§ **EXERCISE AIM**: Copy from the first line below down to and including the line with "Colorful notebooks stacked". Skip the pictures.

§ **SUPPLIED INFORMATION**:

=== Section Start ===

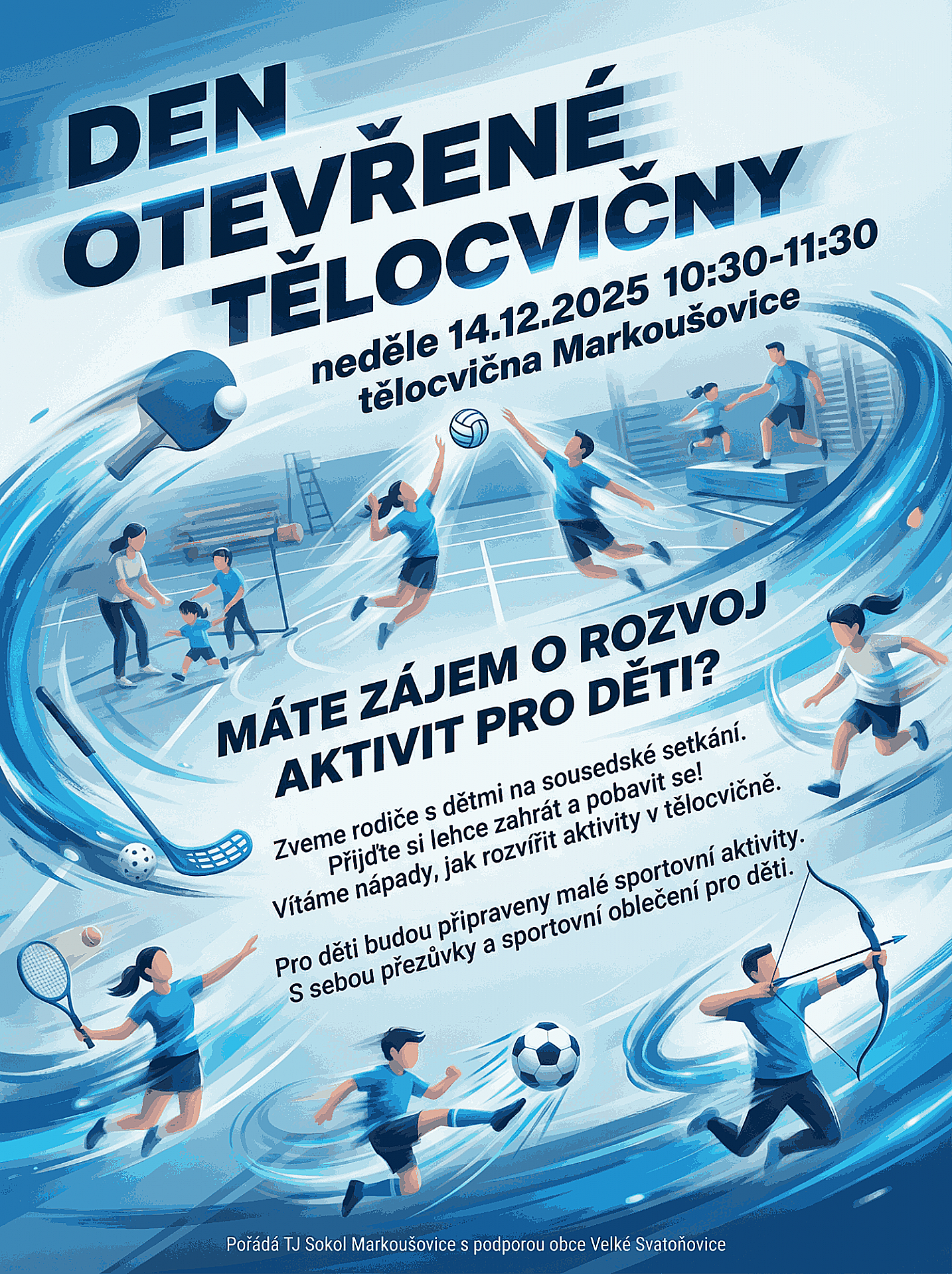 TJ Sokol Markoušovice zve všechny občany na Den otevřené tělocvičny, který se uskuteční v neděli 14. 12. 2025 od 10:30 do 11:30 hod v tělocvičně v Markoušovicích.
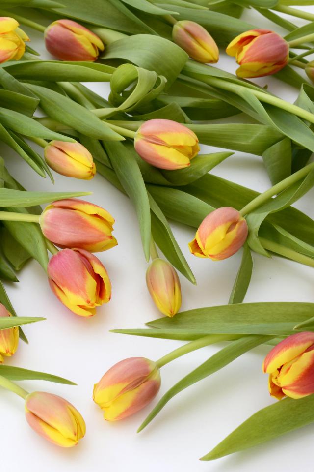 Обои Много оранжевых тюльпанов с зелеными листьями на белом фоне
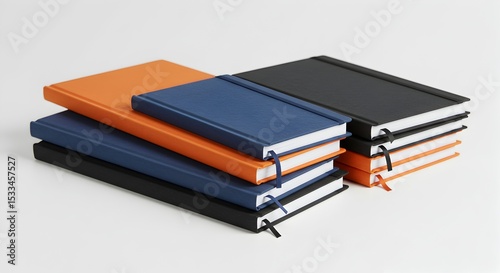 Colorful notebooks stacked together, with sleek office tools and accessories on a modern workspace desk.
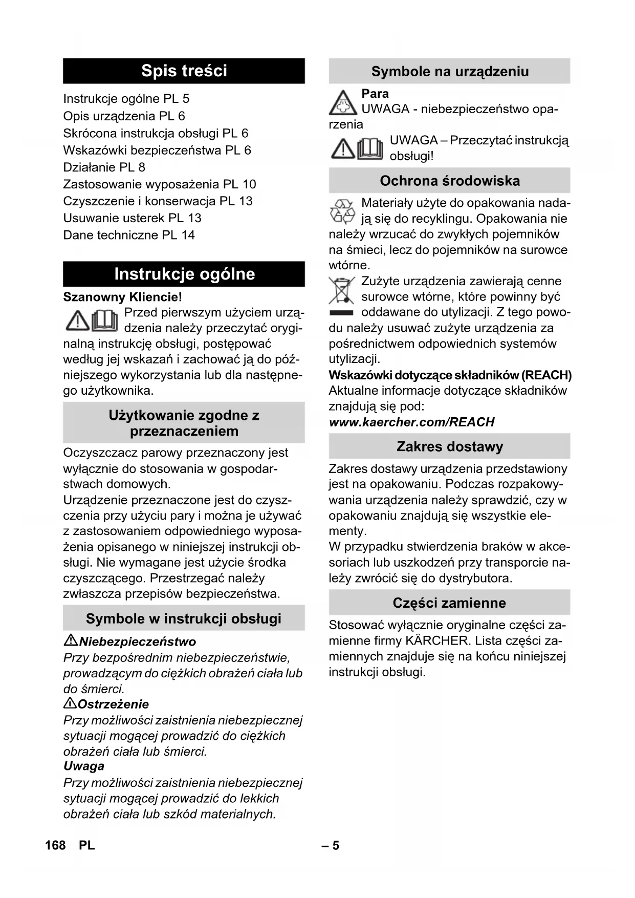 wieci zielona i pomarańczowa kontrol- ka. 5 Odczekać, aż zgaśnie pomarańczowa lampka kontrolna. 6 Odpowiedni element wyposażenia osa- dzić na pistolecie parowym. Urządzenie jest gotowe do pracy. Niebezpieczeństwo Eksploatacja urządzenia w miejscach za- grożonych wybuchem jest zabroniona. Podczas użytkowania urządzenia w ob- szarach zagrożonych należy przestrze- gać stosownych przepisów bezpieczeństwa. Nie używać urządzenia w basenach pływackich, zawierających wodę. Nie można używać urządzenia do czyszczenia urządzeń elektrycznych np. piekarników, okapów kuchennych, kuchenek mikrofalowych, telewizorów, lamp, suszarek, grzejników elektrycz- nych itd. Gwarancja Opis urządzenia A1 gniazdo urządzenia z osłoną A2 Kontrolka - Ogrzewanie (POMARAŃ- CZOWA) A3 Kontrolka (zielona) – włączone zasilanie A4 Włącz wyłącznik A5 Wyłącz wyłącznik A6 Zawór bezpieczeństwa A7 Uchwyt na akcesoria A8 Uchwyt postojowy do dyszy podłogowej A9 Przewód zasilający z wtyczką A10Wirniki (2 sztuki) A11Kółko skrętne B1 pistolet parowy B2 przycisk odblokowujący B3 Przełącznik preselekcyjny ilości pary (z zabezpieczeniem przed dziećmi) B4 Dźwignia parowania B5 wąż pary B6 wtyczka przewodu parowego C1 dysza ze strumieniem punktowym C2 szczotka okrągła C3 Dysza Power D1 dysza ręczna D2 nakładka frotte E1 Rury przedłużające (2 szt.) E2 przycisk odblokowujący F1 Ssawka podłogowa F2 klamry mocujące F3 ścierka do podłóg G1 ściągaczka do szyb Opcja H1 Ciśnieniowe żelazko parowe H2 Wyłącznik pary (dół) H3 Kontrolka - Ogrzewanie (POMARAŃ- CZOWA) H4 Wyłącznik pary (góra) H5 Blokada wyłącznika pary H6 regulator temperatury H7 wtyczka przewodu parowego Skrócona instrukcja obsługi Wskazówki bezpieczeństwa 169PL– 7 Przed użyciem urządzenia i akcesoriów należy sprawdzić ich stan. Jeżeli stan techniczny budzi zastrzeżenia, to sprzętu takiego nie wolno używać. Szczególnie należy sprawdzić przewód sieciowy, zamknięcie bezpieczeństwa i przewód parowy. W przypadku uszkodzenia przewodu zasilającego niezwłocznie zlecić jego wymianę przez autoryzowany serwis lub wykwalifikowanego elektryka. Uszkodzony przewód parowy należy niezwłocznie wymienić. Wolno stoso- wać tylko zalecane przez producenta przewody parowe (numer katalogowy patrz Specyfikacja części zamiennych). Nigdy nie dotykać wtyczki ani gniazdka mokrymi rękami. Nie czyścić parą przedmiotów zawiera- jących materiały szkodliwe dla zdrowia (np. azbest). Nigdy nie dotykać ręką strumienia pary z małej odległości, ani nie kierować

=== Section End ===

§ **FINISHED TASK**:
 TJ Sokol Markoušovice zve všechny občany na Den otevřené tělocvičny, který se uskuteční v neděli 14. 12. 2025 od 10:30 do 11:30 hod v tělocvičně v Markoušovicích.
 Обои Много оранжевых тюльпанов с зелеными листьями на белом фоне
 Colorful notebooks stacked together, with sleek office tools and accessories on a modern workspace desk.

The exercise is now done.